Syekh Izzuddin Ahmad bin Muqbil mengatakan, “Jika seseorang bersumpah memberikan kesaksian bahwa Alam Al-Huda adalah orang Arab yang paling tahu ilmu-ilmu Arab daripada orang Arab sendiri, maka sumpah dan kesaktiannya ini bukanlah dusta.”
Dalam Pandangan Ahli Sunnah
Ketokohan Sayyid Murtadha Alam Al-Huda bukan lagi rahasia di kalangan para sarjana-sarjana Ahli Sunnah. Ia menjadi buah bibir dan panutan banyak komunitas dan kalangan. Bahkan berkat Sekian banyak karya dan prestasinya sosoknya menjadi daya pikat minat dan pemikiran mereka. Salah seorang ahli sejarah Ahli Sunnah mengatakan, “Keutamaannya banyak sekali, dimana jumlah karya dalam bidang agama dan hukum agama merupakan bukti konkret yang menegaskan identitasnya sebagai bagian dari pohon penuh berkah yang lahir dari keluarga mulia.”

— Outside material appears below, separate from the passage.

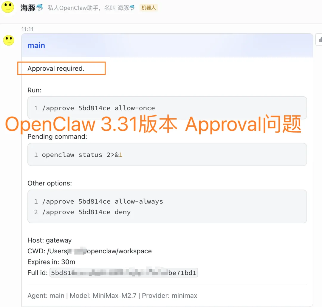 升级到 OpenClaw 3.31(2026.3.31)后,很多用户遇到终端突然弹出:Approval required.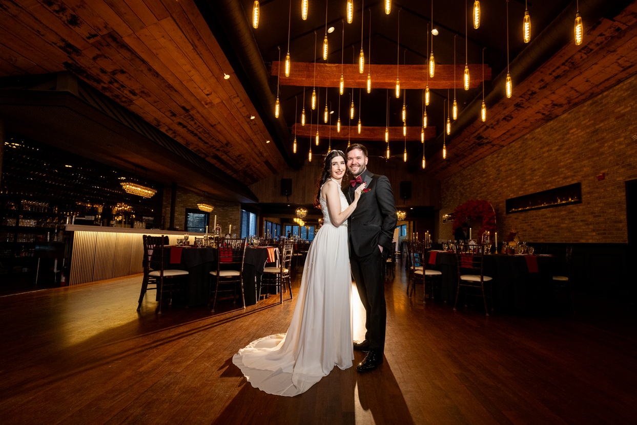 The updated room blends rich hardwoods, exposed brick, and refined lighting to create a warm, modern space that feels both intimate and striking—perfect for couples seeking something unexpected.

Ibnu Atsir dalam Kamil Al-Tawarikh, Yafi’i dalam Mi’rat Al-Jinan, Suyuti dalam Al-Tabaqat, Hatim Baghdadi dalam dalam Tarikh Baghdad dan Ibnu Katsir serta sejarawan lainnya menyambut Sayyid Murtadha dengan ungkapan-ungkapan yang megah. Mereka semua kagum akan keilmuan dan keutamaannya. Salah satu guru besar sastra bahasa Mesir mengatakan, “Dari buku Al-Gurar wa Al-Durar karya Sayyid Murtadha, saya memperoleh sejumlah pengetahuan yang tidak saya temukan dalam buku-buku lain dari para ahli Nahwu.”
Akademi Pendidikan
Akademi pendidikan Sayyid Murtadha tampak begitu meriah dan kaya khazanah. Pusat pengajaran ini menghimpun berbagai banyak bidang studi keilmuan. Setiap siswa di sana mendapatkan beasiswa. Ini dialami oleh seperti Syaikh Al-Thusi selama berada di akademi pendidikan, dimana ia setiap bulannya menerima 12 keping emas Dinar Ashrafi, belum lagi hakim agung Ibn Al-Barraj yang juga menerima 8 Dinar, demikian pula siswa-siswa lainnya sesuai dengan tingkat pendidikan mereka di akademi.

makam-sayid-murtadha-di-kazhamain
Yahudi Masuk Islam berkat Kesantunan
Ketika Baghdad dilanda paceklik yang berkepanjangan, ada seorang Yahudi yang ingin bertahan hidup dengan belajar ilmu Nahwu pada Sayyid Murtadha. Setelah meminta dan mendapatkan izin, ia mengikuti pelajaran Sayyid Murtadha dan, sesuai dengan perintah Sayyid Murtadha, Ia menerima beasiswa harian sehingga dapat mencukupi kebutuhan pokok hidupnya. Merasakan langsung begitu baik dan santun perlakuan Sayyid Murtadha, orang Yahudi itu pun memutuskan masuk Islam.